2.5. Statistical Analysis

All values were expressed as the mean ± SD of at least three independent experiments. Statistical analysis was performed using GraphPad Prism (version 10.3.0). Data were evaluated using the Tukey–Kramer test, and statistical significance was determined at p < 0.05.

3. Results and Discussion

3.1. Evaluation of Molecular Selectivity Using the DMiMD

To investigate the molecular selectivity of the dialysis membrane in the DMiMD, we evaluated the changes in substance concentrations in the CCC when substances of different molecular weights were introduced into the DC. When fresh medium was introduced into the DC using a syringe pump in the DMiMD, substances with a molecular weight lower than that of the MWCO of the dialysis membrane diffused into the CCC through the membrane. In addition, substances with a molecular weight greater than the MWCO of the dialysis membrane were retained and did not permeate through it. The DMiMD was integrated with the dialysis membrane with an MWCO of 3.5 × 103, enabling sufficient permeation of glucose (molecular weight: 180.16), an essential nutrient for cell culture. In this experiment, medium containing 50 µM Uranine (molecular weight: 376) (F0096, Tokyo Chemical Industry, Tokyo, Japan) and 50 µM Dextran (molecular weight: 2.0 × 104) (FD20S, Sigma-Aldrich Japan, Tokyo, Japan) was introduced to the DC using the syringe pump.
In the CCC, the fluorescence of Uranine increased over time. In contrast, the fluorescence of Dextran was barely visible (Figure 2a). As a result of calculating the changes in fluorescence substance concentrations, the concentration of Uranine in the CCC increased over time. The concentration of Dextran in the CCC remained almost zero until the end of the experiment (Figure 2b). After 360 min, the concentration of Uranine in the CCC reached 50 µM, identical to that of the fluorescent substance solution introduced to the DC.
The molecular weight of Uranine was less than that of the MWCO of the dialysis membrane; in comparison, the molecular weight of Dextran was greater. The temporal concentration changes of Uranine and Dextran in the CCC indicated that Uranine permeated and diffused from the DC to the CCC, whereas Dextran remained in the DC without permeating the membrane. These findings demonstrated that the DMiMD with molecular selectivity enables the permeation and retention of molecules. Glucose is an essential nutrient for cell culture. The molecular weight of glucose is lower than that of Uranine. Glucose therefore permeates the dialysis membrane in the DMiMD, enabling continuous nutrient supply to the CCC through the membrane by pumping fresh medium to the DC.
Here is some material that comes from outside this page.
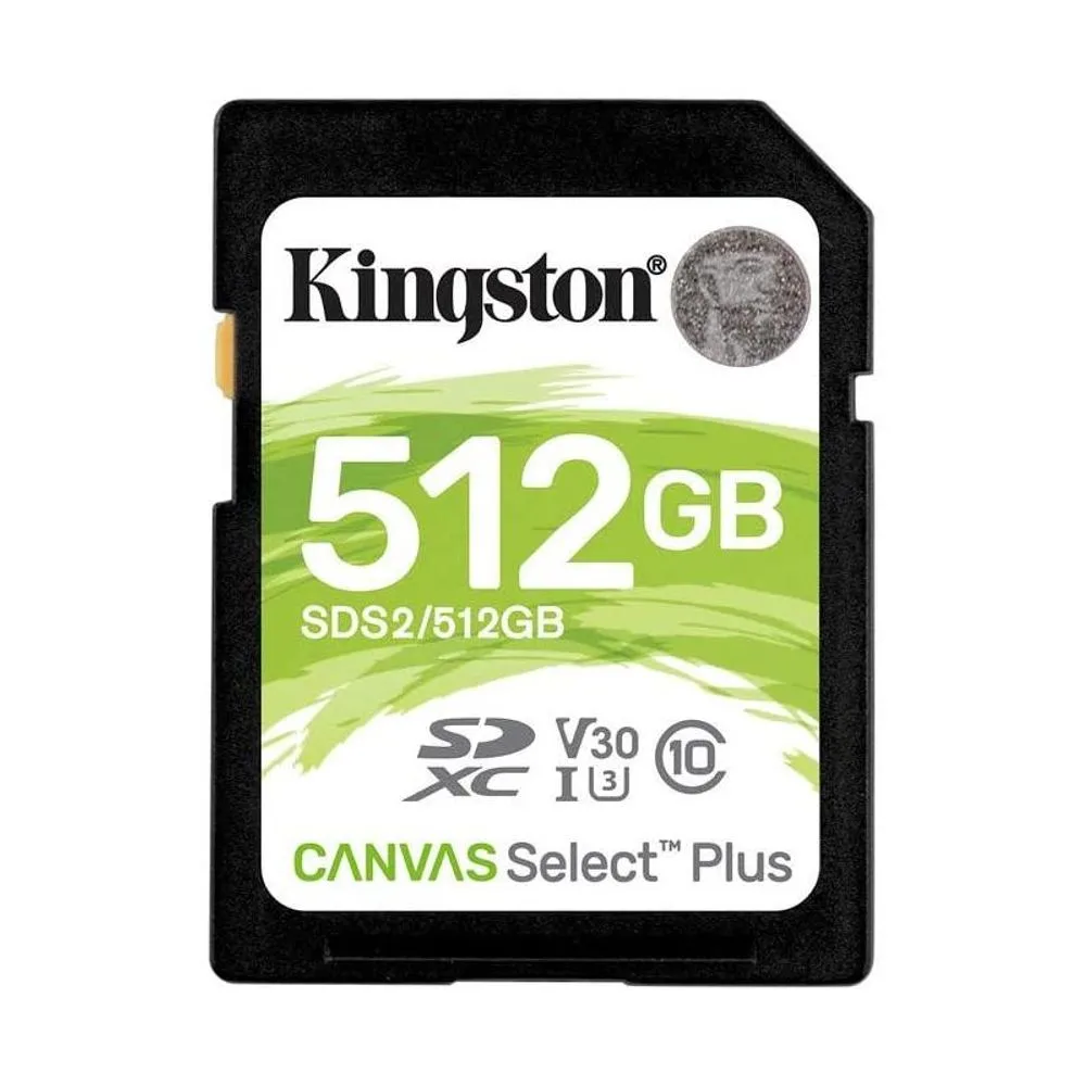 Kingston Technology Canvas Select Plus. Capacidade: 512 GB, Tipo de flash card: SDXC, Classe de memória flash: Classe 10, Tipo de memória interna: UHS-I, Velocidade de leitura: 100 MB/s, Velocidade de escrita: 85 MB/s, Classe de velocidade UHS: Class 3 (U3), Classe de velocidade de vídeo: V30. Funcionalidades de proteção: Resistente ao choque, À prova de vibração, À prova de raio-x, Cor do produto: Preto

3.2. Evaluation of Nutrient Supply Performance Using the DMiMD

We evaluated cell viability with different medium change methods when co-culturing liver and lung cancer model cells using the DMiMD to investigate whether cell culture was possible with nutrient supply through the dialysis membrane. In this experiment, HepG2 as liver model cells and A549 as lung cancer model cells were co-cultured in each organ model chamber of the DMiMD. DMEM high glucose (12430-054, Dulbecco’s Modified Eagle Medium, Thermo Fisher Scientific-JP, Tokyo, Japan) was used as the medium. The following three experimental conditions were implemented: Condition 1 (cond. 1) involved no medium perfusion in the DC, without medium change in the CCC medium as the control. Condition 2 (cond. 2) involved no medium perfusion in the DC, with medium change every 24 h in the CCC. Condition 3 (cond. 3) involved medium perfusion in the DC without medium change in the CCC. HepG2 cells were pre-cultured for 4 days, and A549 cells were pre-cultured for 1 day. Thereafter, the medium in the CCC was perfused for 3 days using the stirrer-based micropump (Figure 3a).
In cond.1, only a few HepG2 and A549 cells were present on day 3 of co-culture at the endpoint. In cond. 2, HepG2 and A549 cells were confluent; however, they were slightly larger. In cond. 3, HepG2 and A549 cells were confluent and showed a pavement-like morphology (Figure 3b). The cell density of both HepG2 and A549 was lowest in cond. 1, which was the control (Figure 3c,d). No significant difference in the cell density of HepG2 was found between cond. 2 and cond. 3, although the cell density in cond. 3 was higher. The cell density of A549 was significantly higher in cond. 3 than in cond. 2.
The glucose consumption rate of HepG2 is 37 µg/(h·10−6 cells) [20]; in comparison, that of A549 is 27 µg/(h·10−6 cells) [21]. In this experiment, assuming that HepG2 and A549 cells would not proliferate from the seeding density, glucose depletion was expected after roughly 53 h of co-culture. In cond. 1, the extremely low cell density of both HepG2 and A549 suggested glucose depletion in the medium. In cond. 2, glucose was supplied above the predicted consumption levels, 270 µg/((HepG2 1.0 × 105 cells + A549 5.0 × 104 cells)·day) of HepG2 and A549, by changing the medium in the CCC every 24 h. However, in cond. 2, the cell density of HepG2 and A549 was lower compared to cond. 3. This finding suggested that glucose consumption by cells in the CCC increased with cell proliferation so that the glucose level in the CCC might not have been sufficient for cell culture. In cond. 3, fresh medium was pumped to the DC, supplying glucose to the CCC through the dialysis membrane at the NSP. This condition may have contributed to the healthy culture of HepG2 and A549 cells. In the DMiMD, fresh culture medium was continuously delivered to the DC via a syringe pump, resulting in a continuous supply of glucose. Meanwhile, a stirrer pump perfused the internal medium in the CCC. This configuration maintained glucose in the DC; in the CCC, the glucose concentration decreased due to cellular consumption. As a result, a stable concentration gradient was established across the dialysis membrane, promoting efficient diffusion of glucose into the CCC. Furthermore, the continuous flow of medium on both sides of the membrane in the DC and the CCC prevented stagnation at the membrane surfaces and enhanced glucose diffusion efficiency. Incidentally, because the pore size of the dialysis membrane was extremely small and the flow resistance was sufficiently low, the effect of substance diffusion due to the pressure difference between the DC and the CCC could be ignored. Based on these findings, fresh medium was pumped to the DC in the DMiMD, supplying sufficient glucose to the CCC to maintain the cells. The findings presented above demonstrate that nutrient supply equivalent to or better than that obtained using the conventional method of regularly changing the entire medium is possible.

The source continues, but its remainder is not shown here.